Travis Milne (born July 18, 1986) is a Canadian actor, best known for portraying Officer Chris Diaz in the drama series Rookie Blue.

Life and career
Milne is from Lac La Biche, Alberta.  He was a student in J.A.Williams High School, in Lac La Biche. He was convinced by his drama teacher to pursue a career in acting.  Once he pursued this career, he fell in love with acting and found an agent in Calgary, Alberta.

After starring in a few short films Milne was cast in 2007 as a co-host of My Green House, a television series on the environmentally friendly lifestyle.  My Green House was shown on CTV Two Alberta and on Ion Television and Live Well Network in the United States.

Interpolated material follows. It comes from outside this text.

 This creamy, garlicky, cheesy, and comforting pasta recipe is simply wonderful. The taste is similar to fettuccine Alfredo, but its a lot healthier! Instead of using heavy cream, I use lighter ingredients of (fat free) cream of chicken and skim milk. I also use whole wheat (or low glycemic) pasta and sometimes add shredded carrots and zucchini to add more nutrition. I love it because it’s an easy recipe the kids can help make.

He has also appeared in the television series Bionic Woman, the television movies Confessions of a Go-Go Girl and Holiday in Handcuffs, and in the film Leslie, My Name is Evil, which premiered at the 2009 Toronto International Film Festival.

On July 20, 2009, it was announced that Milne had been cast as a principal cast member in the Canadian police drama series Rookie Blue, which aired on Global and in the United States on ABC.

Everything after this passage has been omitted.